God's Mission is Our Mission

F-1.01 God’s Mission The good news of the Gospel is that the triune God—Father, Son, and Holy Spirit— creates, redeems, sustains, rules, and transforms all things and all people…The mission of God in Christ gives shape and substance to the life and work of the Church…Human beings have no higher goal in life than to glorify and enjoy God now and forever, living in covenant fellowship with God and participating in God’s mission.

One of the more beautiful changes to the Form of Government (FOG) - in my opinion - is the creation of a new section, titled, “Foundations of Presbyterian Polity.” While one would never want to accuse the previous FOG of not being theological (that would be a foolish claim), the new “Foundations” section does the church a service by separating the more explicitly theological and ideological claims made in the FOG, making even more clear that the community we are called to be a part of is one which has a center to which we are true.

When ever I have taught an introduction to Reformed theology, I use the analogy that our Western alphabet begins with A and ends with Z. Likewise, I tell my students, our “theological alphabets” also have an A and a Z. Yes, the letter L is just as important as A is, but when going through the alphabet, everyone must begin with the letter A. Everything is seen through the lens of the letter A.

In our Reformed Confessional tradition, I maintain that “God’s Sovereign Grace” is the A of our theological alphabet – the lens through which all other theological claims are seen.
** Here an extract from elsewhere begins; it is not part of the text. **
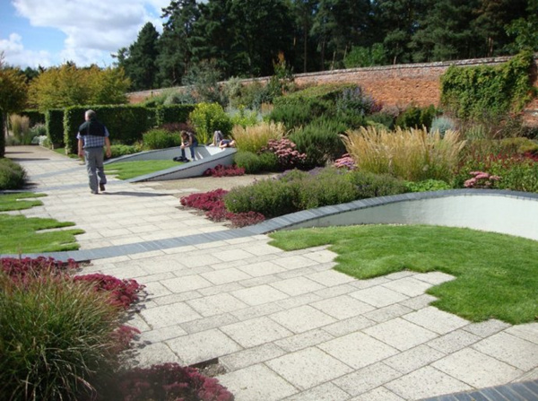 (2)鋪裝材料及鋪砌方式要統(tǒng)一,不宜變化太多。道路鋪裝要整齊、簡潔。一條園路用同一種形式的鋪裝較好,同一條園路上不宜進(jìn)行太多的鋪裝變化,要服從整體的空間需要。一個(gè)空間中所用的鋪裝材料及拼砌圖案也不要過多,材料的過多變化或者過于繁瑣復(fù)雜的拼砌圖案容易造成雜亂無章的感覺。

Similarly, in our Presbyterian political tradition, I want to claim that the Mission of this God of Sovereign Grace is the A of our Form of Government. We cannot understand anything we do as a church apart from what God is already doing.

The FOG begins with the claim that what God is up to is creating, redeeming, sustaining, ruling, and transforming everything. At whatever point of creation’s existence, God is making all things new and whole. This, the FOG says, is “the good news of the Gospel”, and it is is this good news that gives the church both shape and substance – form and function.

When considering the polity of a gathered community, it is not possible to ascertain whether it is the form of the community or the function of the community that “comes first,” for that is a false choice. One does not determine the other. They both are determined by the Gospel. Not only is the church a body which seeks to participate in God’s mission, the church is the place where God’s mission is made actual.

As a foundation of our polity, the FOG asserts that there is nothing more significant than the covenant that God established with us. God has said “I will be your God, and you will be my people,” and the ultimate goal of our lives should be to live this reality and all that it implies. This should guide the life of our congregations, presbyteries, synods, and general assembly. One SoMA congregation, First Presbyterian Church in Liberty, MO (where I was privileged to serve for 4.5 years) proclaims it this way:

This church does not exist for itself, but for the sake of the world for which Christ lived, loved, and died. Everything we do in worship, study, and fellowship is for the sake of serving the world in all it’s brokenness and need.

I can think of nothing more to say to that than “Amen.”